AVAILABLE RECORDS:
*** Block opens ***

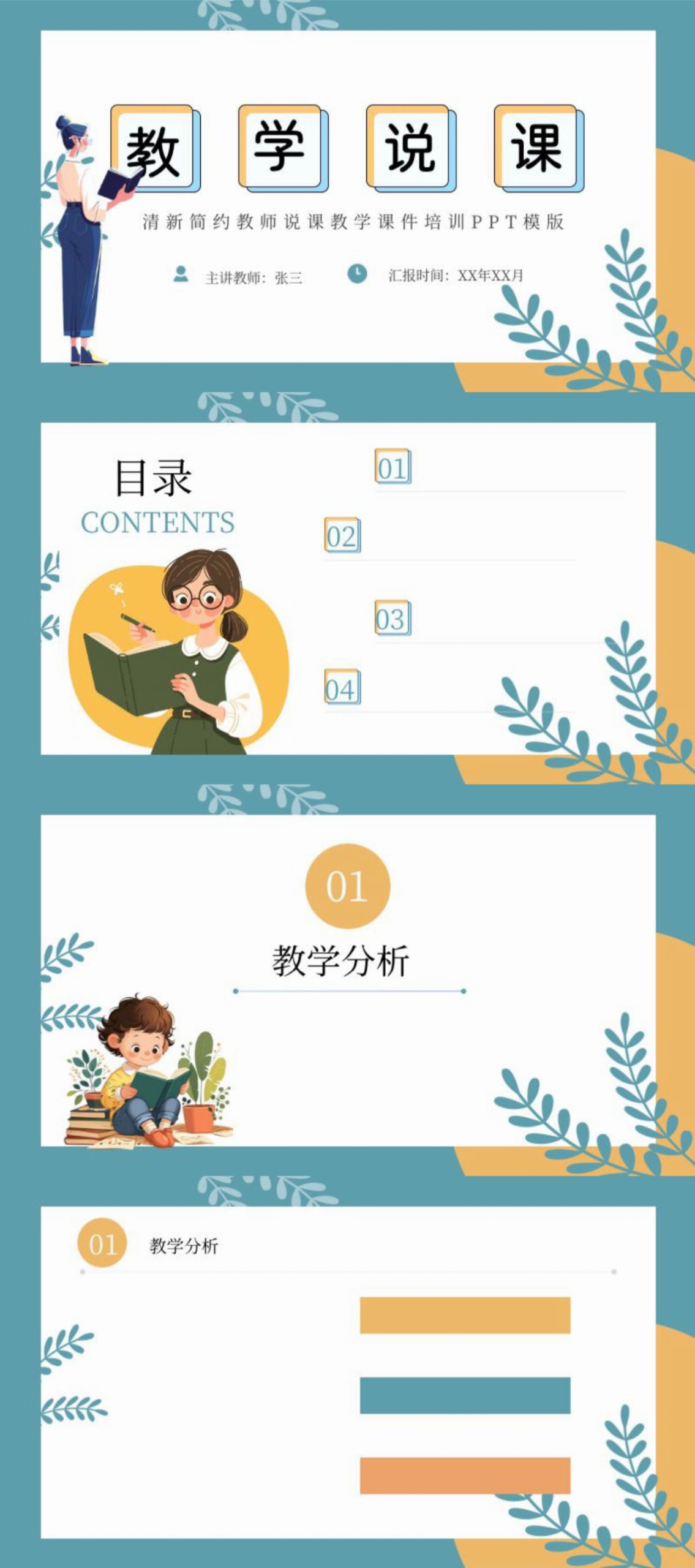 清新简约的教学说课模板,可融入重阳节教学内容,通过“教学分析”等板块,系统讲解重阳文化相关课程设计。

*** Block closes ***
*** Block opens ***

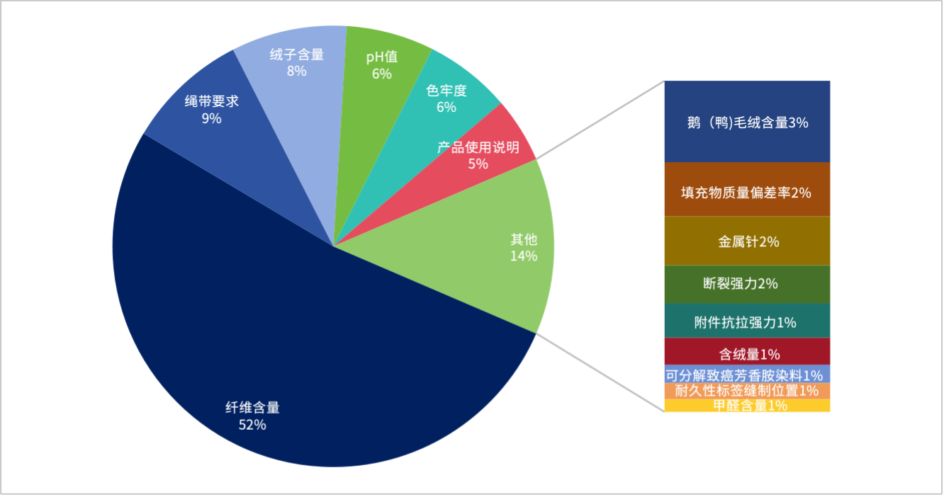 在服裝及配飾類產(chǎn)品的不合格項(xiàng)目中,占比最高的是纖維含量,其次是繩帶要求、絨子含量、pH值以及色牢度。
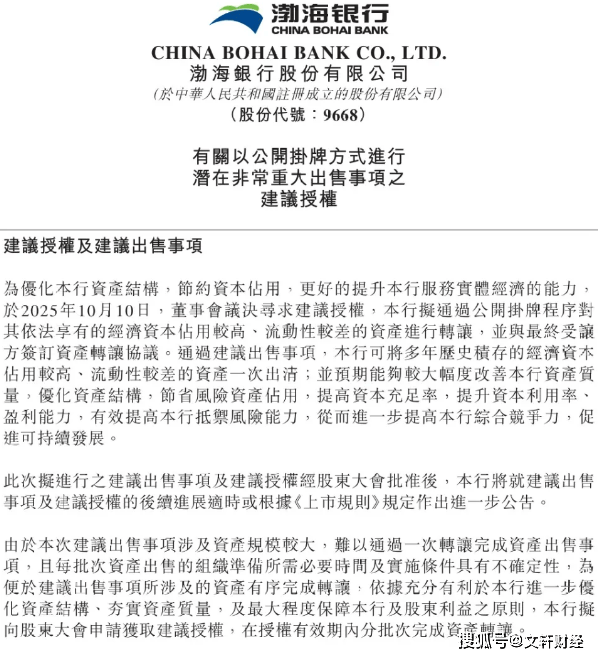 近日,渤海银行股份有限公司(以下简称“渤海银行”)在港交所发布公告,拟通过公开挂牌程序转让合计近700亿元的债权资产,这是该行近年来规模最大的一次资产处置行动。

*** Block closes ***
*** Block opens ***

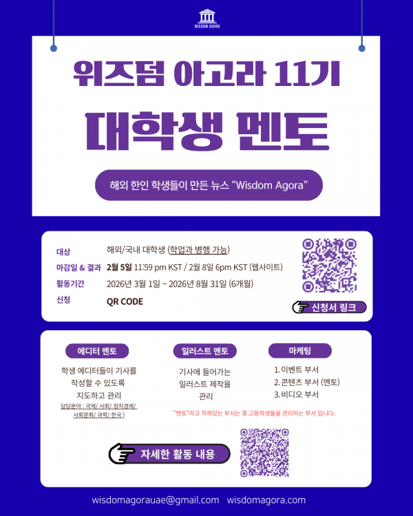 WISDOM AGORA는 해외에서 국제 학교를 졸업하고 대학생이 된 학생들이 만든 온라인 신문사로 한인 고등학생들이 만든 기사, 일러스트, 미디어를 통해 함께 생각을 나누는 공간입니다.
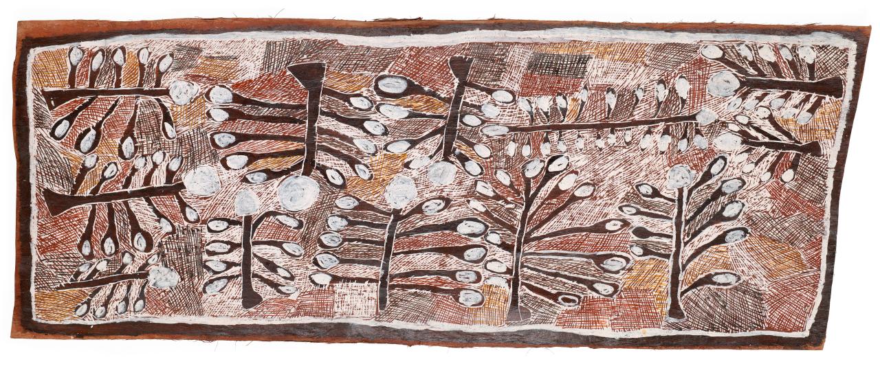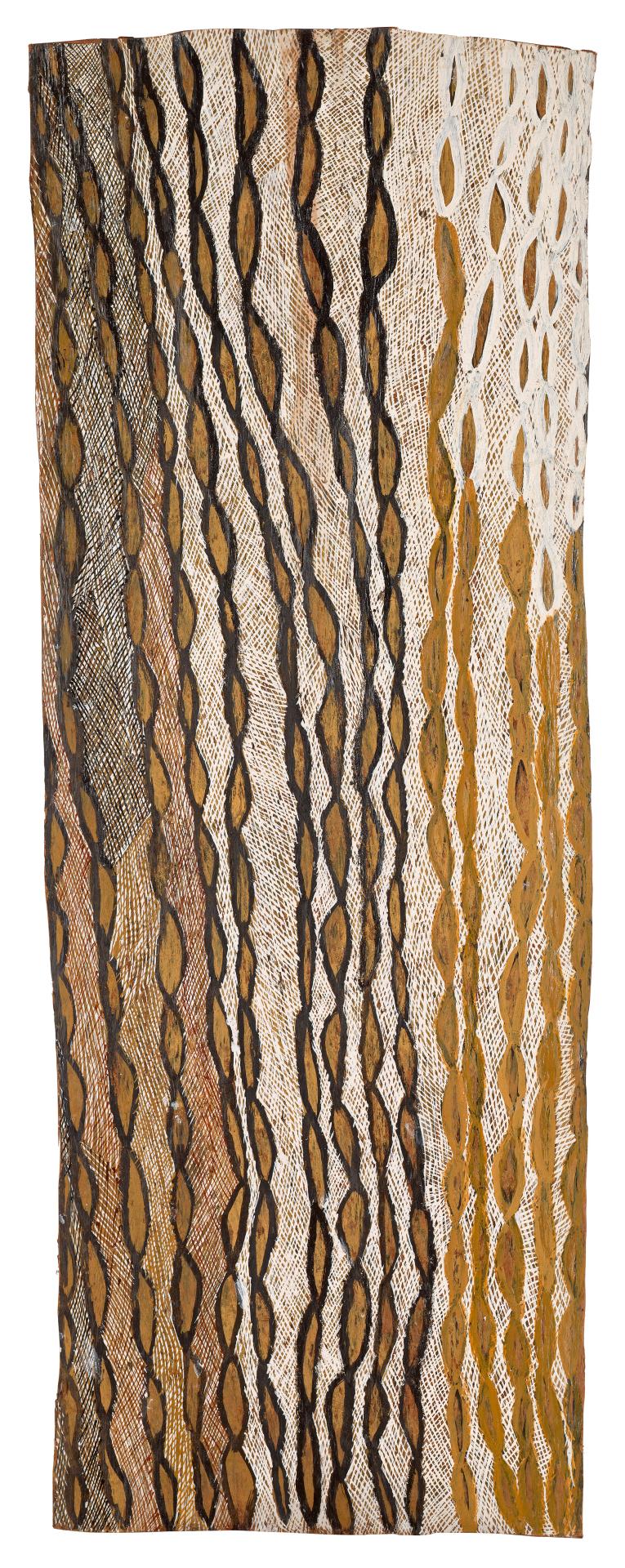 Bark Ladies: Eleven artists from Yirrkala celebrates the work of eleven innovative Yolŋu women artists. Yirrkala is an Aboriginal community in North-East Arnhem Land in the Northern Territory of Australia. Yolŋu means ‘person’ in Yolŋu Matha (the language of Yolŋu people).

*** Block closes ***

DIRECTIONS: Write down exactly what the lines above say, from the line holding "WISDOM AGORA는 해외에서" through the line holding "Bark Ladies: Eleven", and nothing more. Do not copy the pictures.

ANSWER SPACE:
 WISDOM AGORA는 해외에서 국제 학교를 졸업하고 대학생이 된 학생들이 만든 온라인 신문사로 한인 고등학생들이 만든 기사, 일러스트, 미디어를 통해 함께 생각을 나누는 공간입니다.
 Bark Ladies: Eleven artists from Yirrkala celebrates the work of eleven innovative Yolŋu women artists. Yirrkala is an Aboriginal community in North-East Arnhem Land in the Northern Territory of Australia. Yolŋu means ‘person’ in Yolŋu Matha (the language of Yolŋu people).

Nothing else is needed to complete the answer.